= DATA FOR THE TASK =

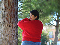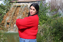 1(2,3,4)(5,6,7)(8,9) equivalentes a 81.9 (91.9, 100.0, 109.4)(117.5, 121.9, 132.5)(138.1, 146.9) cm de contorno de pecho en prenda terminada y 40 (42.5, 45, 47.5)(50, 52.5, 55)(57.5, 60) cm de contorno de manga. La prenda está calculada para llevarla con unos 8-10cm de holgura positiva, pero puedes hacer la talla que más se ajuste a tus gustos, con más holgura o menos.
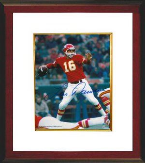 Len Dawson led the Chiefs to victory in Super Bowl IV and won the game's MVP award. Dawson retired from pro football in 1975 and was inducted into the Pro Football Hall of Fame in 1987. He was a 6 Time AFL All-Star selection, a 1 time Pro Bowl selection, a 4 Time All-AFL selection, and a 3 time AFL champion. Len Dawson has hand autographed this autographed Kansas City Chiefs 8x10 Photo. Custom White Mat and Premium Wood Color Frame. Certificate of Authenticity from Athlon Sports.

...

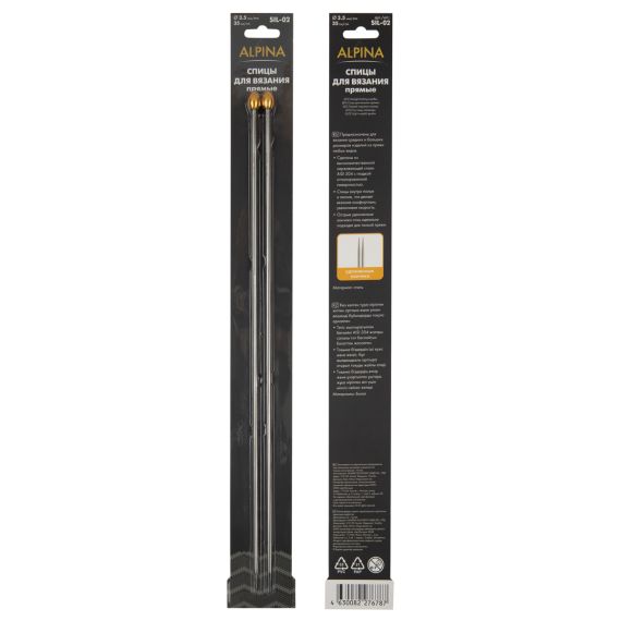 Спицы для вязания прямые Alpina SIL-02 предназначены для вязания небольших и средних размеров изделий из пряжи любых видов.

= TO DO =
Using the entries above, reproduce word for word only the lines from the one that contains "1(2,3,4)(5,6,7)(8,9) equivalentes a" to the one that contains "Len Dawson led", both ends included, and drop every picture.

= TASK ANSWER =
 1(2,3,4)(5,6,7)(8,9) equivalentes a 81.9 (91.9, 100.0, 109.4)(117.5, 121.9, 132.5)(138.1, 146.9) cm de contorno de pecho en prenda terminada y 40 (42.5, 45, 47.5)(50, 52.5, 55)(57.5, 60) cm de contorno de manga. La prenda está calculada para llevarla con unos 8-10cm de holgura positiva, pero puedes hacer la talla que más se ajuste a tus gustos, con más holgura o menos.
 Len Dawson led the Chiefs to victory in Super Bowl IV and won the game's MVP award. Dawson retired from pro football in 1975 and was inducted into the Pro Football Hall of Fame in 1987. He was a 6 Time AFL All-Star selection, a 1 time Pro Bowl selection, a 4 Time All-AFL selection, and a 3 time AFL champion. Len Dawson has hand autographed this autographed Kansas City Chiefs 8x10 Photo. Custom White Mat and Premium Wood Color Frame. Certificate of Authenticity from Athlon Sports.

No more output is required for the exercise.